Below are some records. Quote exactly the lines from the one that contains "Enhance your Government" through the last, both included, and leave out the pictures.

+++++

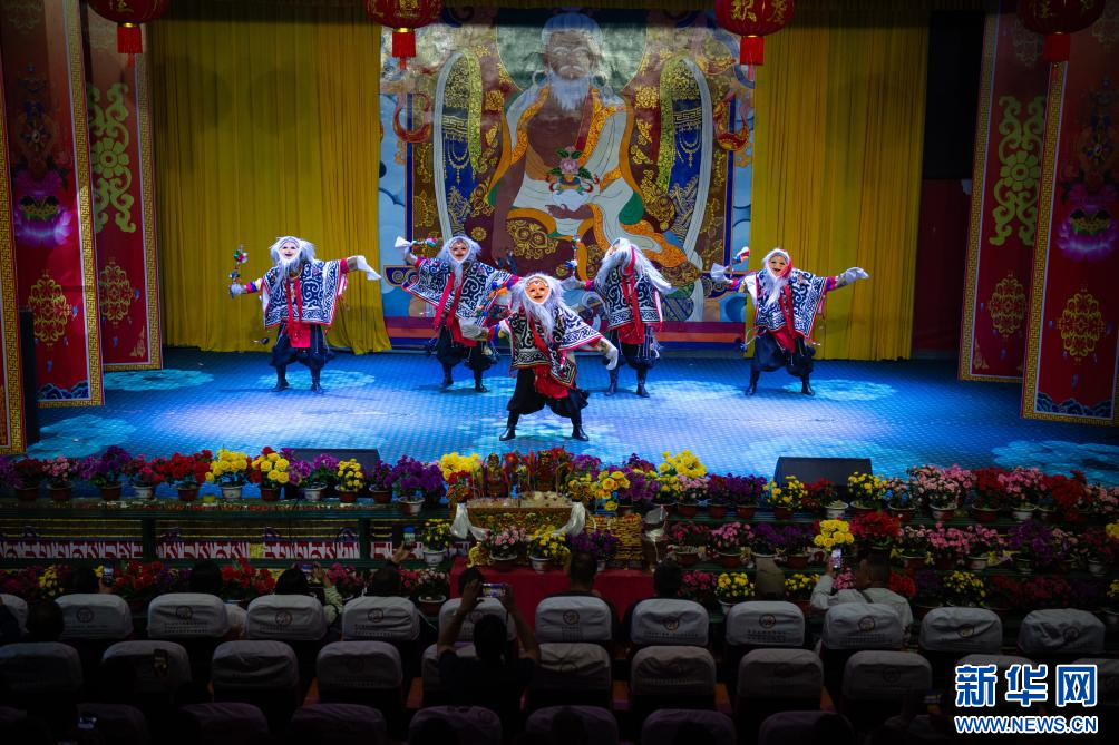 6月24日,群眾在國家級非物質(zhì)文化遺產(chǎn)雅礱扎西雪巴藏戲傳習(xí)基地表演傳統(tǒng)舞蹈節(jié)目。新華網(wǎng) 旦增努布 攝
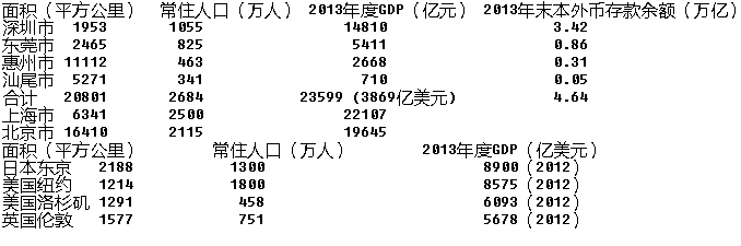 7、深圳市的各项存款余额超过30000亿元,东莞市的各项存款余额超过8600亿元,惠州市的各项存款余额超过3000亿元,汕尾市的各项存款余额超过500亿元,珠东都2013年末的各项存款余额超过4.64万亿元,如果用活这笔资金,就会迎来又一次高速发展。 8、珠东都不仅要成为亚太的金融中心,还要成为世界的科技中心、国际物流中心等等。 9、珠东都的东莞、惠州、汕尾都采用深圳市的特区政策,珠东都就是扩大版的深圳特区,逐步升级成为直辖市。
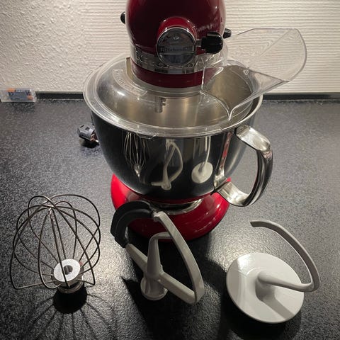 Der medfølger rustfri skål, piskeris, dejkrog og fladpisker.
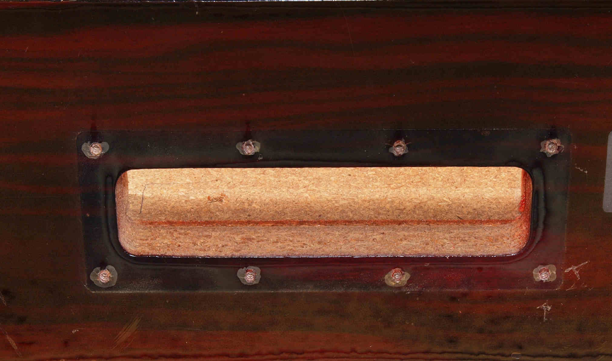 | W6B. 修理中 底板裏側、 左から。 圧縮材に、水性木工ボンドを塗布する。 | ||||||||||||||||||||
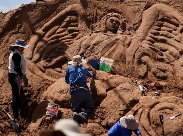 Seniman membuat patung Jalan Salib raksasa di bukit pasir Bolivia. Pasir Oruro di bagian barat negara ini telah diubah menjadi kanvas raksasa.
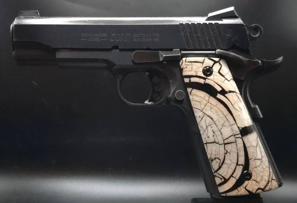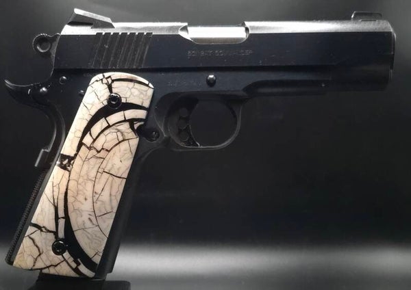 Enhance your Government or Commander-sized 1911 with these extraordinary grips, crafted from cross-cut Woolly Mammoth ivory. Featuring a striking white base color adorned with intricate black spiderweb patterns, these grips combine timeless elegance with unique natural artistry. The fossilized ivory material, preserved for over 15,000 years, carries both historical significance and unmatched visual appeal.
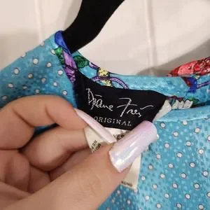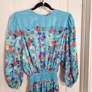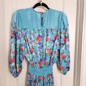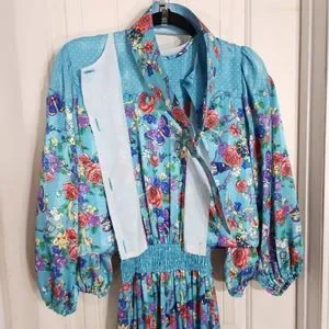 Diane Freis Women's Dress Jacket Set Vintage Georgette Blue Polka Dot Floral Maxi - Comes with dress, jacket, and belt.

+++++

[YOUR RESPONSE]:
 Enhance your Government or Commander-sized 1911 with these extraordinary grips, crafted from cross-cut Woolly Mammoth ivory. Featuring a striking white base color adorned with intricate black spiderweb patterns, these grips combine timeless elegance with unique natural artistry. The fossilized ivory material, preserved for over 15,000 years, carries both historical significance and unmatched visual appeal.
 Diane Freis Women's Dress Jacket Set Vintage Georgette Blue Polka Dot Floral Maxi - Comes with dress, jacket, and belt.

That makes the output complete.